What you should do: Word for word, please restate each record and pass over the pictures.

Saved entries
━━━━━━

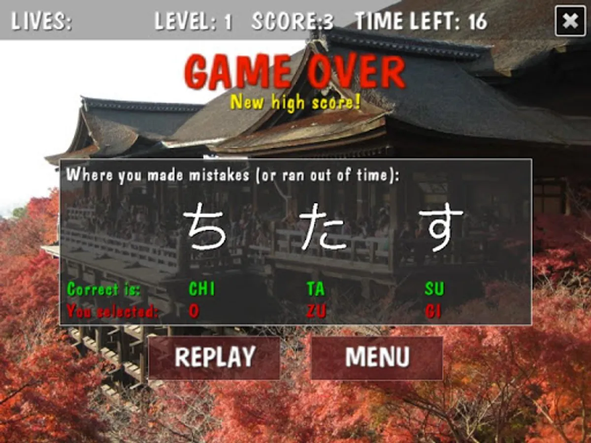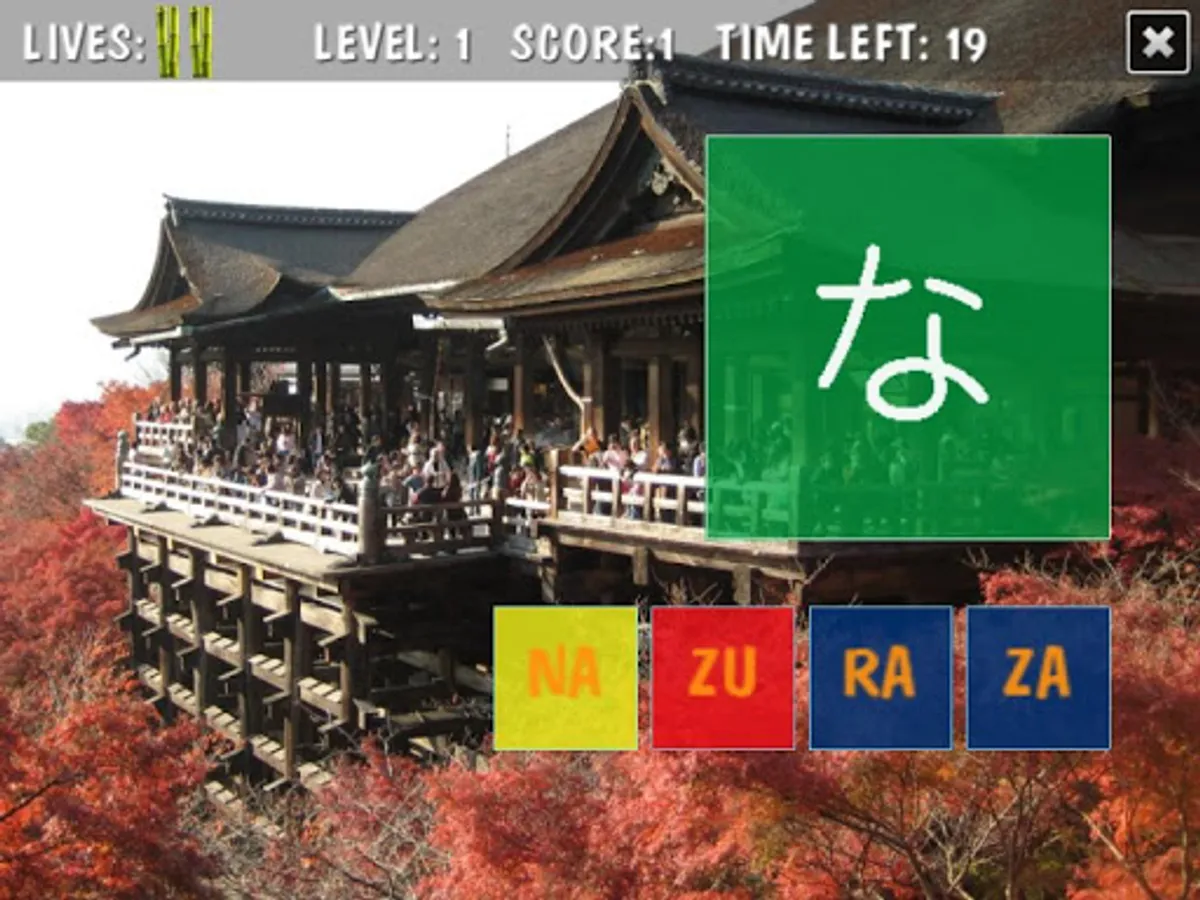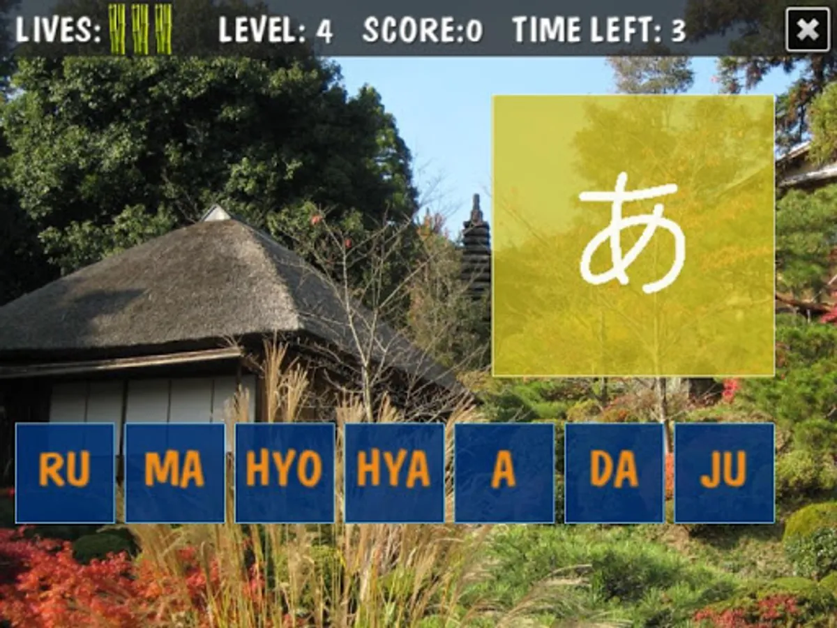 This game is similar to the Burmese Syllables and again it is quiz-like. Learn and practice the Japanese Hiragana alphabet and have fun! Match Japanese syllables with their English counterparts. You have limited time for each round, so think fast. On each level there is less time and more options to choose from. You have three lives - you can make only three mistakes before the game is over. After you've lost the game will display your mistakes and show correct answers.
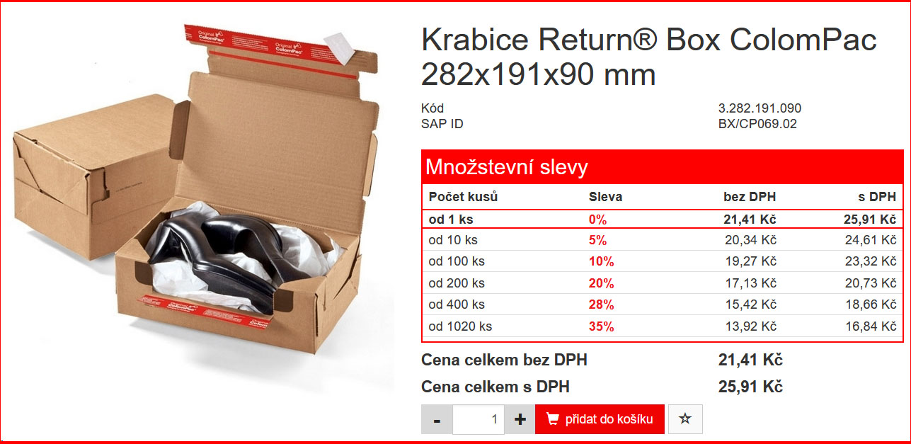 Obalové materiály, u kterých je možné získat nižší cenu v případě většího odběru poznáte velmi snadno. V detailu produktu máte zobrazenu sekci Množstevní slevy s výpisem jednotlivých slev rozdělených dle počtu odebraných kusů a pod nimi základní cenu za 1 kus.
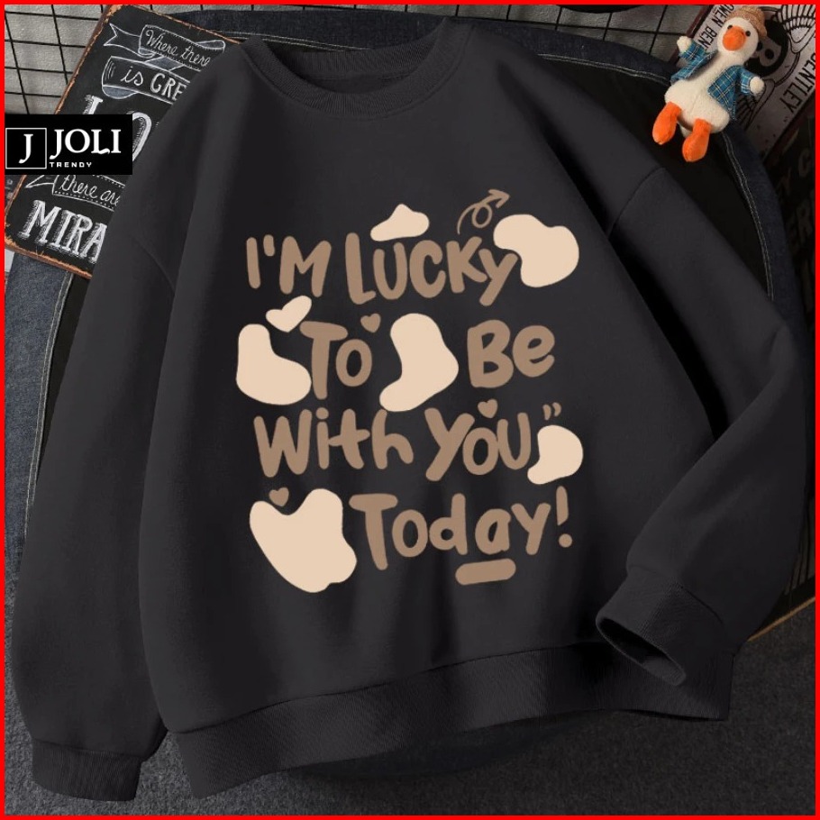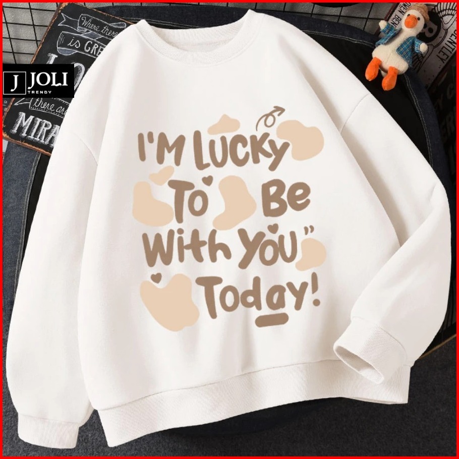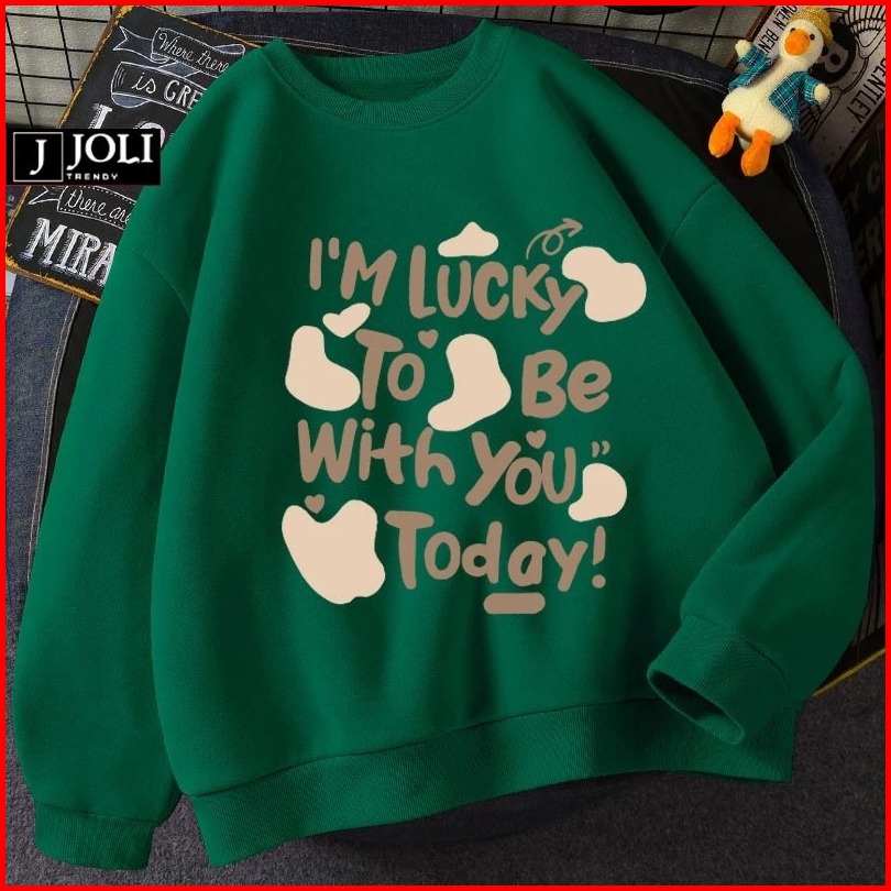 Harvional Sweater Crewneck Jolly I M Lucky Bahan Fleece Size S - Xxl Pria Wanita
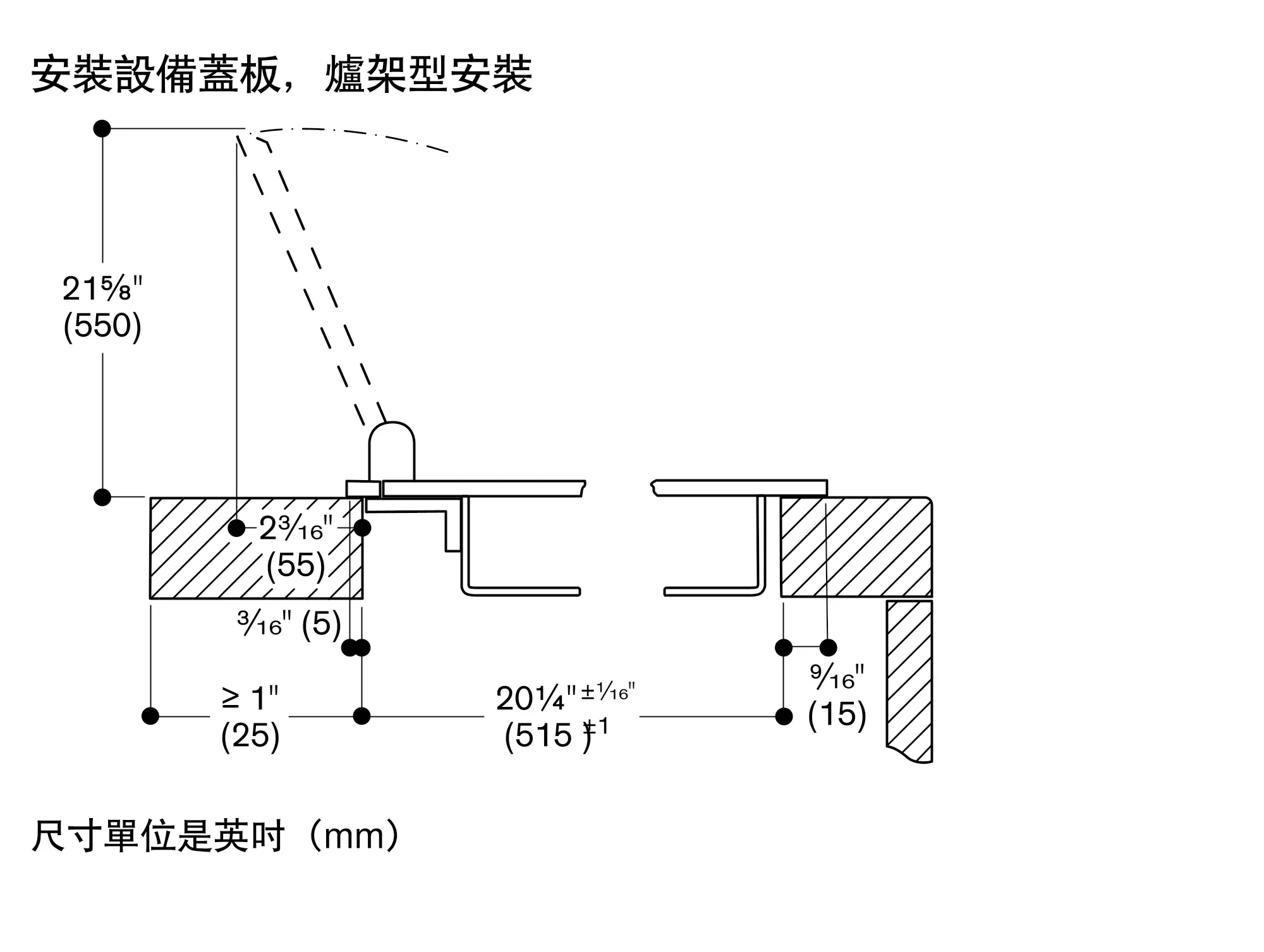 請考量爐具的重量和額外負載。以下為針對平接安裝的額外指示:
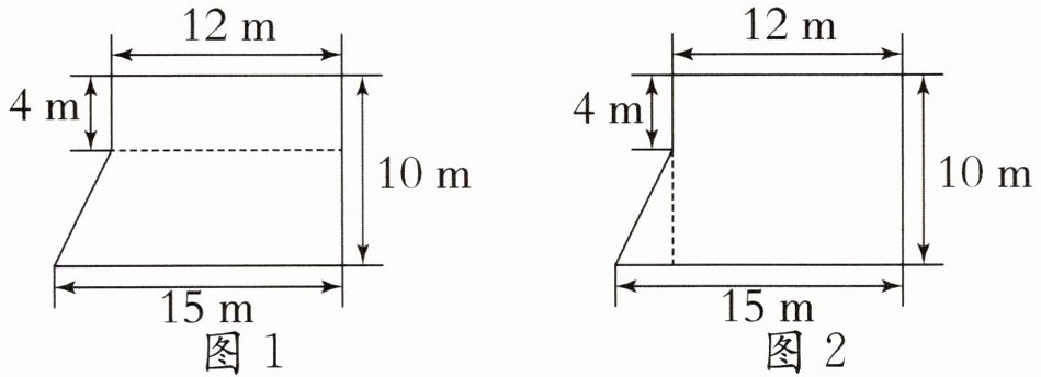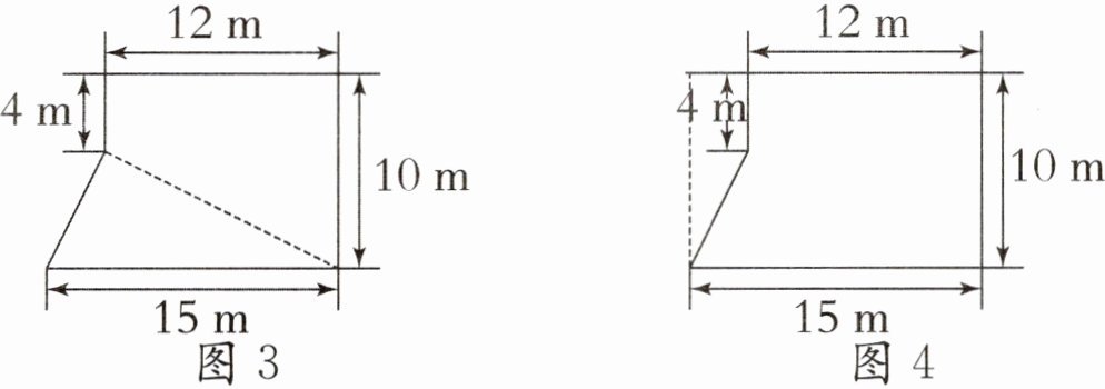方法四:$15×10-(4+10)×(15-12)÷2= 129$(平方米)
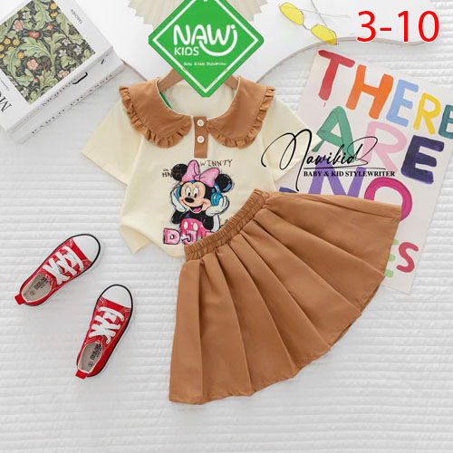 A505279 - Set chân váy Mickey style cute áo thun cotton 4c cổ trụ sen chạy bèo chân váy xếp ly chất
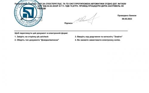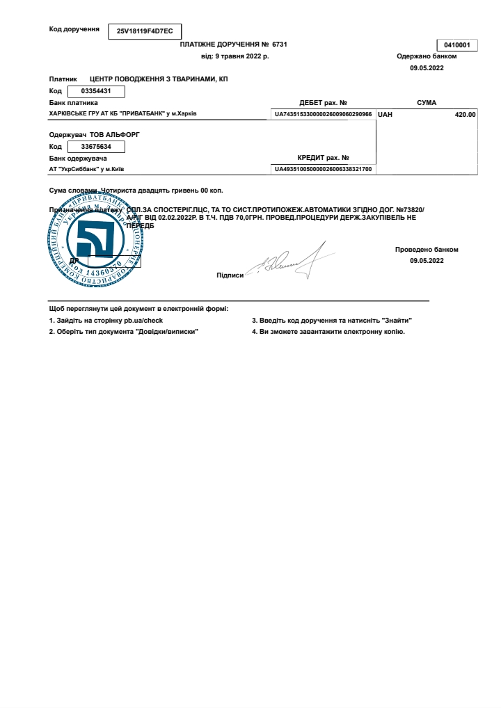 ● Сплачено ТО пожежної сигналізації ТОВ Альфорг 420 грн

━━━━━━

Exercise solution:
 This game is similar to the Burmese Syllables and again it is quiz-like. Learn and practice the Japanese Hiragana alphabet and have fun! Match Japanese syllables with their English counterparts. You have limited time for each round, so think fast. On each level there is less time and more options to choose from. You have three lives - you can make only three mistakes before the game is over. After you've lost the game will display your mistakes and show correct answers.
 Obalové materiály, u kterých je možné získat nižší cenu v případě většího odběru poznáte velmi snadno. V detailu produktu máte zobrazenu sekci Množstevní slevy s výpisem jednotlivých slev rozdělených dle počtu odebraných kusů a pod nimi základní cenu za 1 kus.
 Harvional Sweater Crewneck Jolly I M Lucky Bahan Fleece Size S - Xxl Pria Wanita
 請考量爐具的重量和額外負載。以下為針對平接安裝的額外指示:
方法四:$15×10-(4+10)×(15-12)÷2= 129$(平方米)
 A505279 - Set chân váy Mickey style cute áo thun cotton 4c cổ trụ sen chạy bèo chân váy xếp ly chất
 ● Сплачено ТО пожежної сигналізації ТОВ Альфорг 420 грн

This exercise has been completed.